After an extended holiday from the blog and from work in general, I have to say I’m glad to be back. I hope everyone out there in isixsigma land enjoyed the season as much as I did.
I started a project in the U.K. this week. I’m fascinated by the differences in culture one finds when one travels outside his or her home territory and I always make point of watching the local news to try and gain insight into the top concerns of the locals. This trip has proven to be particularly interesting relative to such observations.
Most Americans are probably familiar with reality television and some are certainly viewers of a show titled “Big Brother”. If you’re not familiar with this show, its premise is to assemble a group of strangers in a house and have them engage in a strange sort of competition to see who can outlast the others. While I’m not a viewer of the American version of the show, the U.K. version got my attention this week as it has created a firestorm of controversy. It seems one of the contestants made some derisive remarks about a housemate who is Indian. The comments have drawn cries of protest across Britain, provoked street marches in India, and even created a political rift to which both Indian and British government officials have been forced to respond. Having heard the comments I certainly think they were inappropriate but the ignorant and perhaps prejudicial comments of a single individual on a reality television show hardly strike me as justifiable cause for an international “racism” crisis. It’s TV people, get a grip on yourselves!
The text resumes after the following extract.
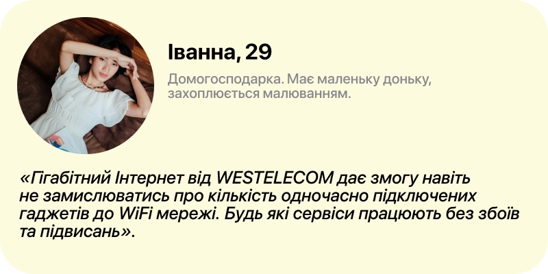 У моїй професійній діяльності високошвидкісне з’єднання відіграє вирішальну роль, оскільки значну частину робочого часу займають онлайн наради з командою та підрядниками. Постійно взаємодію з корпоративною мережею: завантажую об’ємні архіви з фотоматеріалами, швидко отримую доступ до необхідних документів.

What is most fascinating about this is the thought that while it appears easy to get the international community stirred up about an issue based on a single incident, we never see protests when bad statistics are used in the media, or most anywhere else for that matter.
First of all, it strikes me as incredible that we’re continuously bombarded with the notion that singular events apply universally to the entire population. Such extrapolation can be seen on news channels world wide on most any given day. Ice melts in Antarctica and we’re all told we’ll be overcome by the rising tide of global warming in a matter of years. One prejudiced remark, on a television show designed to create strife between contestants, and suddenly the whole country is labeled racist. Based on reports, I guess we can safely assume the record snows in the Western U.S. this year indicate the ice age is upon us; right?
And what about correlation? Does an increase in the number of shark bites off the coast of Florida indicate that sharks have developed a taste for human flesh? Or could it be that sharks have always been there and now that more people are entering the water annually, we have more shark bites. Better yet, maybe the species is determined to exact revenge for not being paid royalties from the movie “Jaws”.
The point is, why do we always have to have a fantastic explanation for events which are most often quite within the range of probability for a given set of circumstances? I guess the proliferation of news channels competing for advertising dollars drives the sensationalism but they only sell what the general public is willing to buy. Maybe the answer is to design TV’s that require a 15 minute math lesson when you turn them on before you can move on to other programming. Or maybe we just need to turn off the television altogether. After all, statistics confirm that everyone who watches TV will die.
Who will join me in this battle against Statisticism? Let’s coordinate events in cities across the country and burn our remote controls in effigy. Even better, write in to the blog with your statistical abuse stories. We should at least make an effort to share a chuckle over the matter.